C:\Program Files\Python37\lib\site-packages\numpy\core\fromnumeric.py:90: RuntimeWarning: overflow encountered in reduce
  return ufunc.reduce(obj, axis, dtype, out, **passkwargs)
C:\Program Files\Python37\lib\site-packages\sklearn\cluster\_birch.py:189: RuntimeWarning: invalid value encountered in add
  dist_matrix += self.squared_norm_
C:\Program Files\Python37\lib\site-packages\sklearn\cluster\_birch.py:304: RuntimeWarning: overflow encountered in add
  new_ls = self.linear_sum_ + nominee_cluster.linear_sum_
C:\Program Files\Python37\lib\site-packages\sklearn\cluster\_birch.py:309: RuntimeWarning: invalid value encountered in double_scalars
  sq_radius = (new_ss + dot_product) / new_n + new_norm
C:\Program Files\Python37\lib\site-packages\numpy\core\fromnumeric.py:90: RuntimeWarning: overflow encountered in reduce
  return ufunc.reduce(obj, axis, dtype, out, **passkwargs)

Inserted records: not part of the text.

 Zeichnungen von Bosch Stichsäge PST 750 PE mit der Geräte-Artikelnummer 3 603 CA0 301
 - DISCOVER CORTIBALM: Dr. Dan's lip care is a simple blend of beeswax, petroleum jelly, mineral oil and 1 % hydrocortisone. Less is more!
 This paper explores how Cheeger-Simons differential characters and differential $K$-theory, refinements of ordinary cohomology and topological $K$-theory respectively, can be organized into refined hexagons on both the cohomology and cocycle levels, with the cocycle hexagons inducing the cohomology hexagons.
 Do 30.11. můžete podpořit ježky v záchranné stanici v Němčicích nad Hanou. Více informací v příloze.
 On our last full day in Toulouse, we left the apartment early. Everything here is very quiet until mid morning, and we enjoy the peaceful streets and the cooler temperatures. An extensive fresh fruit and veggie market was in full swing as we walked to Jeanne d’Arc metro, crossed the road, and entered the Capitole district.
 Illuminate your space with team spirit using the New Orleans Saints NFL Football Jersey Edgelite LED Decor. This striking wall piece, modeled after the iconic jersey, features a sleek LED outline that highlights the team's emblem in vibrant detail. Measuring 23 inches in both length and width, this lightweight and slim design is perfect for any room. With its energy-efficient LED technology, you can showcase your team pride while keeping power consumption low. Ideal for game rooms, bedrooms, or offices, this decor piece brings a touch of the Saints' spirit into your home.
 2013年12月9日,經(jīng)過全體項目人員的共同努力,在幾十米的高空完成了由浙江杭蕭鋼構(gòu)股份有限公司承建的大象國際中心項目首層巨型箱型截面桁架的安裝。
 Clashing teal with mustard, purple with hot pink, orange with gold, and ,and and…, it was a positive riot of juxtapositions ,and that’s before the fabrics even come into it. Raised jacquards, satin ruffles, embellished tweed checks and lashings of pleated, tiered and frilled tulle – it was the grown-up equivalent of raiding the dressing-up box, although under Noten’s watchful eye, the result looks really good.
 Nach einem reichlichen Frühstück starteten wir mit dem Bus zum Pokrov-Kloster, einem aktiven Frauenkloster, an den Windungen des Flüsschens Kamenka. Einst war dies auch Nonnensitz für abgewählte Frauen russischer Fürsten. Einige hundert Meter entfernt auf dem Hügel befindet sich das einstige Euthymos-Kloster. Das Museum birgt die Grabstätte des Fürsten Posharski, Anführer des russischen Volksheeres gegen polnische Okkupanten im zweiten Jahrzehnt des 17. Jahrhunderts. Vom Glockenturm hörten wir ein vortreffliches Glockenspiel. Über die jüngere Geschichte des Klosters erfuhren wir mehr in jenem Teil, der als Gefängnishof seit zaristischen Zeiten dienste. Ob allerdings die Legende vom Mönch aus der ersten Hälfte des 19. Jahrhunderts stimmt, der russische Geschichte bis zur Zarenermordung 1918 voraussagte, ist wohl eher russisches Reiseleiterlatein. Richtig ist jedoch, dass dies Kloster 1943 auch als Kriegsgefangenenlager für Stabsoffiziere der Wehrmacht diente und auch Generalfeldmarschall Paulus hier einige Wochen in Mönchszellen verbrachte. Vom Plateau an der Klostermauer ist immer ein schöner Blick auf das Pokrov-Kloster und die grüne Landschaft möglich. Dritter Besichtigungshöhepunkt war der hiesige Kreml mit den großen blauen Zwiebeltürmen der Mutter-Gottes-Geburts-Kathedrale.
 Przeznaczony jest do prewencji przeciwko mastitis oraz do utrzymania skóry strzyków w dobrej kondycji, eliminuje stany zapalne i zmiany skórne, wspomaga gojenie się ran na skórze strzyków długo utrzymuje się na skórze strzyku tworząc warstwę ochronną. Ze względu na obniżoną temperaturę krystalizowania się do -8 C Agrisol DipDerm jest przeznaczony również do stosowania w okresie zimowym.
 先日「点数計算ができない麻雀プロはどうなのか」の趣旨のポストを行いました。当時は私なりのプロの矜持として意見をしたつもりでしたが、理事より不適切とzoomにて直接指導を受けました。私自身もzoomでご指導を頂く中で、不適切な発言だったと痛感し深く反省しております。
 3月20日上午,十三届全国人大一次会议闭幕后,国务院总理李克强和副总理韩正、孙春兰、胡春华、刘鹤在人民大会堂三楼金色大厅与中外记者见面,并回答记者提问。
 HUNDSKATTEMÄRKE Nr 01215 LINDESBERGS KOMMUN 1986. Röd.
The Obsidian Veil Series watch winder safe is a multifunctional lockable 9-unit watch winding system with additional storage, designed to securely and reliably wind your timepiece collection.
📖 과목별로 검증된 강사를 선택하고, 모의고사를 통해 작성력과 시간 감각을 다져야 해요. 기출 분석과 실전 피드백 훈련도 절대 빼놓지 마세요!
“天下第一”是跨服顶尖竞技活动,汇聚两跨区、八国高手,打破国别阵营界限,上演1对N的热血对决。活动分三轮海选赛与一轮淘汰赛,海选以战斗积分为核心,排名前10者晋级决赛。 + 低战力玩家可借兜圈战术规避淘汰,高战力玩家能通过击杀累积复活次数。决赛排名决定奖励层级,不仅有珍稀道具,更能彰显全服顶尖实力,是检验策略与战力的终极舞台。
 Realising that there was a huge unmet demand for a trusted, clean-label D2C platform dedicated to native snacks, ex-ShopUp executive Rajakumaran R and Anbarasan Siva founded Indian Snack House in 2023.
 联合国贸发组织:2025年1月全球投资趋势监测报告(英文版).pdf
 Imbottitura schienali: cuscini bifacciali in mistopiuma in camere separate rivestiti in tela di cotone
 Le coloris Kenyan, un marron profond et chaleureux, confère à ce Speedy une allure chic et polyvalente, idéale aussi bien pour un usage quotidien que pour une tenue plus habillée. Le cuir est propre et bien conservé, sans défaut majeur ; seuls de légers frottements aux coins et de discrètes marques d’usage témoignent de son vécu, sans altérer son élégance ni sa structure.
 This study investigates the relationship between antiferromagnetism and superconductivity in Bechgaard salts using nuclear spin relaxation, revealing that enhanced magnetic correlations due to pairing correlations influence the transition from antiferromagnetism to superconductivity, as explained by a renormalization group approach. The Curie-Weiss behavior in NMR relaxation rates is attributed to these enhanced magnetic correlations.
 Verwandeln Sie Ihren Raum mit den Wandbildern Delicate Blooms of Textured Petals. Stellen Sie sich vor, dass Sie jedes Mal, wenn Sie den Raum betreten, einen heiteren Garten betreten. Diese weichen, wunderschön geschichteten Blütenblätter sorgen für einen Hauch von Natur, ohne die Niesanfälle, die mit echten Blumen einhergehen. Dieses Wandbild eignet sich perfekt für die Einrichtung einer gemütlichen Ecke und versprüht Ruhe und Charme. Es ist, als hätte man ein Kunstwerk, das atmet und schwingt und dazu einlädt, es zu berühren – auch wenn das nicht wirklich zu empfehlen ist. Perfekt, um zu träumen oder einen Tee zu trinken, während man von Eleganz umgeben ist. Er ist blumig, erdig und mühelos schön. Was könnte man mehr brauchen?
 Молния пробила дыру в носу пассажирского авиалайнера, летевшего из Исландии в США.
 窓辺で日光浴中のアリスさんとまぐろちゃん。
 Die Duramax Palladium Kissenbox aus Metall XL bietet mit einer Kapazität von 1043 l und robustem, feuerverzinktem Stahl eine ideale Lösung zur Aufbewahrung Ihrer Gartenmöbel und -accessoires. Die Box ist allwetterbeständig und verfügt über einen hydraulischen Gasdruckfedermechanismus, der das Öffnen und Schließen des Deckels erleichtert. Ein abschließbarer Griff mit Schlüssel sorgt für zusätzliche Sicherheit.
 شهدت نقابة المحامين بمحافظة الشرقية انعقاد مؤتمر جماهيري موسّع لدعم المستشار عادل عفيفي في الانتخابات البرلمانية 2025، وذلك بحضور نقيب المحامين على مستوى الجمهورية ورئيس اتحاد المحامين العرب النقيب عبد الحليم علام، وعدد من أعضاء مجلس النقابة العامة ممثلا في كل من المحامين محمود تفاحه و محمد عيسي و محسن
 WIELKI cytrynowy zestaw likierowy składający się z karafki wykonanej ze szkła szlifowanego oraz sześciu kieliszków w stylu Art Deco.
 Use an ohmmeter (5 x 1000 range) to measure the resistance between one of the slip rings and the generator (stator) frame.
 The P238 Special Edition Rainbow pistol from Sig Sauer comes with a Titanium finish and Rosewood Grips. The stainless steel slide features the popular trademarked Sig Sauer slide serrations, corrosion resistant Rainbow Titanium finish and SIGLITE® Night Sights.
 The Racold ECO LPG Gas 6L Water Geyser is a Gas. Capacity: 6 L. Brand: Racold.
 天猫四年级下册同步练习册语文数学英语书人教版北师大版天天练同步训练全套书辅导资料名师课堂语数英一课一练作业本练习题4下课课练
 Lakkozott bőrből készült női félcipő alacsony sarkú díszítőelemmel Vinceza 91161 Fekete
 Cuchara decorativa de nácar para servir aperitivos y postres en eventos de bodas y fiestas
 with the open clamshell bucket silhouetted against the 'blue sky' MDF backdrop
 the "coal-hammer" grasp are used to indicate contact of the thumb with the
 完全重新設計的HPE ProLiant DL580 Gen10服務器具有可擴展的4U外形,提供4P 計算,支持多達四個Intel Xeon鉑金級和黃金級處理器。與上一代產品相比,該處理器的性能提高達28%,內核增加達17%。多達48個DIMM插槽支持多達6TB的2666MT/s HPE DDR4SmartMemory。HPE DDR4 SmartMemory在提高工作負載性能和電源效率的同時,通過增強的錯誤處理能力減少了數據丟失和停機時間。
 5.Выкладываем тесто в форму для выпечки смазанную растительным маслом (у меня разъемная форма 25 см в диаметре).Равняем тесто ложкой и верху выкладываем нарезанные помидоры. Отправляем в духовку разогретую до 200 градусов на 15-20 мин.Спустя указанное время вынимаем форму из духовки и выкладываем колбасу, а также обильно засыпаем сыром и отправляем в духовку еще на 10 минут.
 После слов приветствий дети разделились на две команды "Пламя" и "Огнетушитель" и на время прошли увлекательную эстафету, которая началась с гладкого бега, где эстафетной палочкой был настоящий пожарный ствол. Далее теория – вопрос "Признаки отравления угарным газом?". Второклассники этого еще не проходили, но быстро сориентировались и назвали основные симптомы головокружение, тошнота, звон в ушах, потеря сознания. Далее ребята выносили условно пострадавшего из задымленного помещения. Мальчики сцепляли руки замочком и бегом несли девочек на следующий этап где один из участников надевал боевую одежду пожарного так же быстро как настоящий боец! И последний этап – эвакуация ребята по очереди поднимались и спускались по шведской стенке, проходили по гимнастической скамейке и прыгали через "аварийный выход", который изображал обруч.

C:\Program Files\Python37\lib\site-packages\sklearn\utils\extmath.py:153: RuntimeWarning: overflow encountered in matmul
  ret = a @ b
C:\Program Files\Python37\lib\site-packages\sklearn\metrics\pairwise.py:310: RuntimeWarning: invalid value encountered in add
  distances += XX
C:\Program Files\Python37\lib\site-packages\sklearn\cluster\_birch.py:81: RuntimeWarning: invalid value encountered in less
  node1_closer = node1_dist < node2_dist
C:\Program Files\Python37\lib\site-packages\sklearn\cluster\_birch.py:294: RuntimeWarning: overflow encountered in add
  self.linear_sum_ += subcluster.linear_sum_
Traceback (most recent call last):
  File "C:\Users\thaar\PycharmProjects\sklearn-dev\birch_test.py", line 61, in <module>
    clusterer.fit(X)
  File "C:\Program Files\Python37\lib\site-packages\sklearn\cluster\_birch.py", line 463, in fit
    return self._fit(X)
  File "C:\Program Files\Python37\lib\site-packages\sklearn\cluster\_birch.py", line 510, in _fit
    self.root_.append_subcluster(new_subcluster1)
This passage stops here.